I thought it would be perfect for doing the scrolls on the bottoms of sash windows rather than faffing about changing blades on the bandsaw . I think the bottom blade holder thingy needs to be fixed in place to make the blade square with the bed . :-k


----------



## Gill (25 May 2007)

Welcome to the wonderful world of the scroll saw  .

There's definitely an alignment problem but not having a Delta myself, I can't make an informed comment. However, Alan has replaced the blade clamp system in in his Diamond saw with one from a Delta and he posted a picture of it:






Does this help?
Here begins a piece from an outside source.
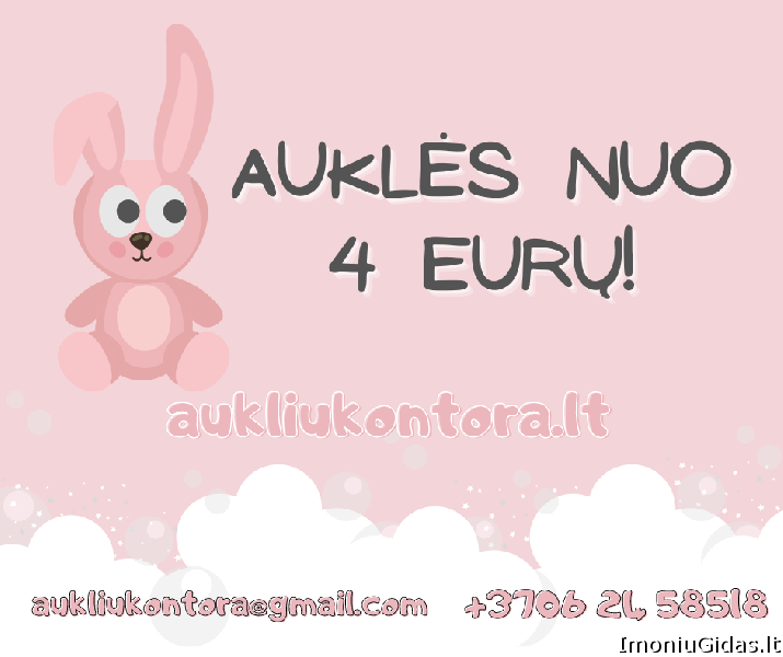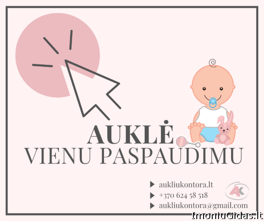 Veiklos sritys: Veiklos aprašymas: Tai išskirtinė vieta, teikianti pagalbą tėveliams vaikų priežiūroje. Auklių kontora atsižvelgia į šeimos poreikius ir skiria geriausiai tinkantį variantą Jų vaikučiams. Auklė gali būti valandinė, ilgalaikė, skubaus iškvietimo bei naktinė. Išskirtinumas – skubus auklės suradimas. Didžioji dalis auklių turi visų amžiaus grupių pagrindus susijusius su vaikų priežiūra (tiek naujagimio, tiek kūdikio, tiek vyresnio amžiaus vaiko). Siekiant Jūsų pasitikėjimo - internetiniame puslapyje pateikiame auklių aprašymus bei patirtis. | |||||||||||||

It looks to me as if the blade clamp on your saw needs to be rotated through 90 degrees.

I see your new saw has a hold-down arm fitted; most scrollers find these devices rather irritating and remove them.


----------



## ike (25 May 2007)

This is my Delta setup if it's any help.


----------



## JFC (25 May 2007)

Hmmmm i seem to be missing the tension thingy on the top and have the blade holder the wrong way round as i suspected . The blade is too long any other way other than the way i have it so i think something else has been fitted wrong or it's missing .


----------



## scroller frank (26 May 2007)

Hi JFC
your blade fitting is wrong ,also IKE's is a newer modle than yours and the tentioning is differant to "ours", wich is as the photo on Gill's post
and on my saw



hope this helps[/img][/url].
hope you get it fixt ! and it works ok (a good saw ) imho  
all the best-------------Frank-------------


----------



## JFC (26 May 2007)

Thanks for the replies , the problem was that someone had stolen the part while it was in the showroom and they had ordered another one . It came as a complete set and they had attached that to the part that wasnt stolen :roll: In other words i only needed half of what was supplied . All working fine now


----------